The other pertinent question is, where does the flexibility data come from? Well, they did some MD simulations (see Bornot et al. 2011 for details) and took b-factors from the structures. They normalised these, by calculating the number of standard deviations away from the mean for each structure. Each LSP was attributed a b-factor and RMSF, which was the mean value for the central residue of every instance of the LSP in the data set. Additionally, each fragment in the data set was classed as ‘rigid’, ‘flexible’, or ‘intermediate’ based on its normalized RMSF and B-factor. Each LSP was given a probability of belonging to each of these classes based on the frequency of fragments that belonged to that LSP being in each class. The figure here (taken from Bornot et al. 2011) shows the interesting weak correlation between normalised B-factor and normalised RMSF.

Normalised B-factor values according to normalized RMSF values as determined from molecular dynamics simulations. From Bornot et al 2011. Blue points represent rigid fragments, red flexible ones, and green points intermediate fragments.

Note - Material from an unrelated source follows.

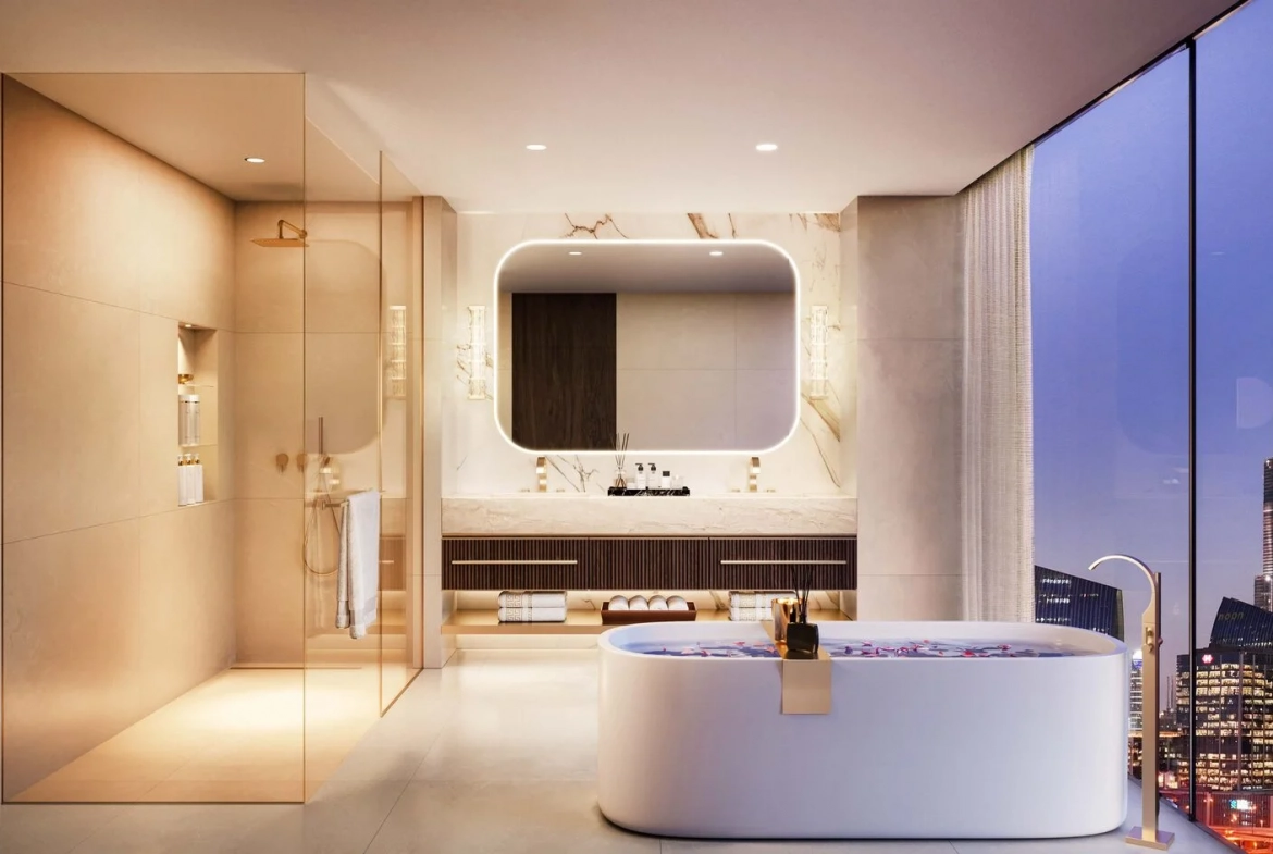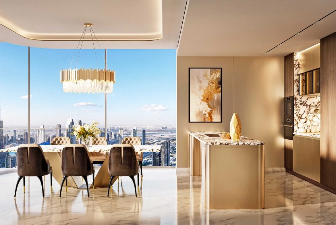 The tower’s architecture expresses confidence, precision, and modern sophistication. Clean vertical lines, expansive glass surfaces, and carefully balanced proportions define its commanding silhouette. Furthermore, every aspect of the design merges form with function, creating a structure that feels both timeless and forward-looking. Floor-to-ceiling windows maximise natural light while framing exceptional views of the skyline and the Arabian Gulf. Consequently, the building establishes itself not merely as a residence, but as a defining architectural statement within Dubai’s evolving cityscape.

Bornot et al. 2011 also gives us a guide to the ability of this prediction method (see table II). In predicting the class of fragments (rigid, intermediate or flexible), it gets the correct class about half the time. For 40% of rigid and flexible cases, the class is predicted as ‘intermediate’. Prediction rate is also strongly correlated with flexibility – more flexible regions have much poorer prediction rates. Which is not great, as we already know that most alpha helices are rigid. However, the confidence index does give a good guide as to what to trust. I could speculate that might results in an output that tells us that helices and sheets are definitely rigid, and other elements are possibly flexible. Which would not be particularly useful, but given there are few comparable tools, something is better than nothing.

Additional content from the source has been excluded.